And so on. Later, you get to $\omega+\omega$, two copies of the natural numbers (say, blue and red natural numbers, with every blue natural number smaller than every red natural number):

$$\omega+2: \qquad \stackrel{0}{\bullet}\quad \stackrel{1}{\bullet}\quad \stackrel{2}{\bullet} \quad \stackrel{3}{\bullet}\quad \cdots \quad\longrightarrow\quad \stackrel{\omega+1}{\bullet}\quad\stackrel{\omega+2}{\bullet}\quad\stackrel{\omega+3}{\bullet}\quad\cdots\quad\longrightarrow$$

And so on.

Finally, transfinite induction:

**Transfinite Induction.** *Let $C$ be a class of ordinals, and assume that:*

- (i) $0\in C$;
- (ii)
*If $\alpha\in C$, then $\alpha^+\in C$.* - (iii)
*If $\alpha$ is a nonzero limit ordinal, and $\beta\in C$ for all $\beta\in \alpha$, then $\alpha\in C$.*

*Then $C$ is the class of all ordinals.*

This generalizes usual induction (which would only use parts (i) and (ii)). The main difference is how to deal with “limit ordinals”; the process is similar to that used in strong induction: assume valid for every ordinal strictly smaller, prove it for the current ordinal.

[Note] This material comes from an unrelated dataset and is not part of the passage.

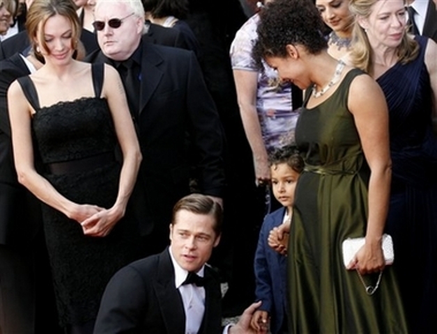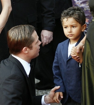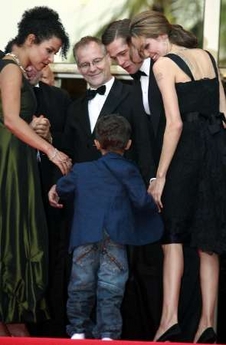 Also loved Brad’s affection for little Adam Pearl who was clearly overwhelmed by the situation. There’s no photo of it but as they headed into the Palais after waving to the crowd, Angelina mussed up Adam’s hair and made a silly face and poked him in the armpit. He laughed, she laughed, and then she took Brad’s hand and they entered the theatre.

So now, looking at the proof offered by Robinson. Your group $F$ has a basis $X$, because it is free abelian. Invoking the Well Ordering Principle, we may assume that $X$ is actually well-ordered; since every well-ordered set is isomorphic to an ordinal, we may go so far as to just assume that that the basis is given as a set indexed by an ordinal $\beta$, $X=\{x_{\alpha}\}_{\alpha\in\beta}$.

For each ordinal $\alpha$, let $F_{\alpha}=\langle x_{\gamma}\mid \gamma\lt\alpha\rangle$. So $F_{\alpha}=F$ for any $\alpha\geq\beta$. We are going to prove by transfinite induction that the class of all ordinals $\alpha$ such that

$H_{\alpha} = H\cap F_{\alpha}$ is free abelian of rank at most $\alpha$.

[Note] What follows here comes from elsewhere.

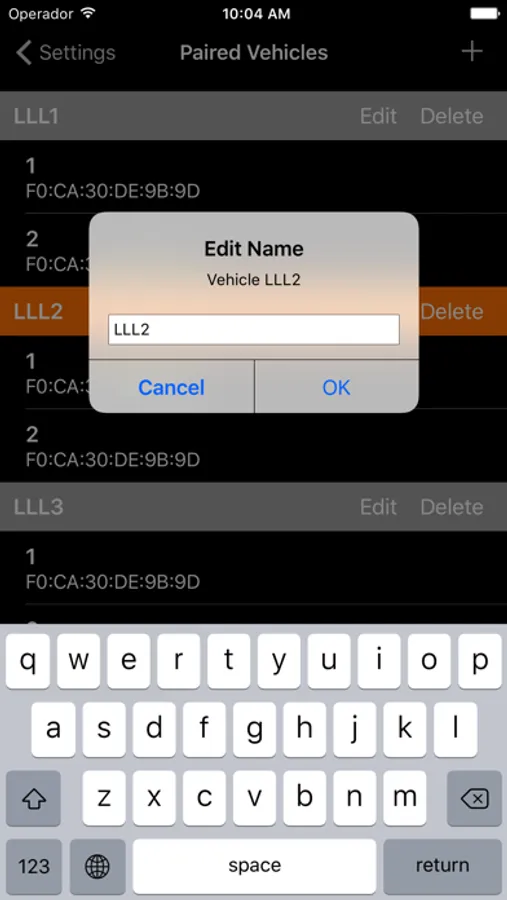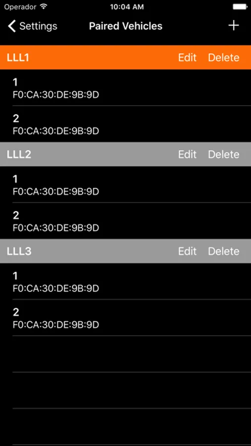 Main function is to pair SF300. After pairing, the SF300 Bluetooth Addresses of paired vehicles are located here. To switch between controlling multiple vehicles, press the desired vehicle to switch to it. The current vehicle the App is controlling will be indicated with orange lettering to the vehicle name and green lettering to the two SF300 headlight devices. All other devices will have gray lettering to indicate it is currently not selected. To delete or edit each vehicle, press the Delete or Edit button next to the vehicle name. Pressing it will enable user to edit or delete vehicle’s SF300 BLE connection, vehicle name, and/or headlight model types.

is the class of all ordinals. Since $H_{\beta}=H$, if we can prove that the class is the class of all ordinals, we will have our desired result (that $H$ is free).

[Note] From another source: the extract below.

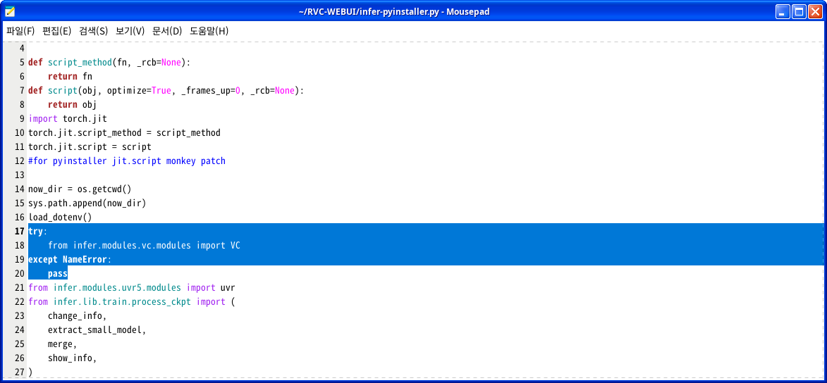 그냥 Pyinstaller로 만드는 메인 스크립트중 fairseq을 로딩하는 모듈을 임포트할때 NameError를 except처리해 버리는 겁니다.

So we proceed by transfinite induction. $F_{0}=\{0\}$, and $H\cap F_{0}=\{0\}$ is free on the empty set, so we are done. $0$ has the property.

Assume that $\alpha$ has the property that $H_{\alpha}$ is free abelian, and consider $H_{\alpha+1}$. If $\alpha\geq \beta$, there is nothing to do: $H_{\alpha+1}=H_{\alpha}$, hence it is free abelian, so we may assume that $\alpha\lt\beta$. Then proceeding as Robinson does, we see that $H_{\alpha+1}$ is either equal to $H_{\alpha}$, or is isomorphic to $H_{\alpha}\oplus \mathbb{Z}$, and since $H_{\alpha}$ is free abelian, so is $H_{\alpha}\oplus\mathbb{Z}$, hence $H_{\alpha+1}$ is free abelian. Thus, if $\alpha$ has the property, then so does $\alpha+1$.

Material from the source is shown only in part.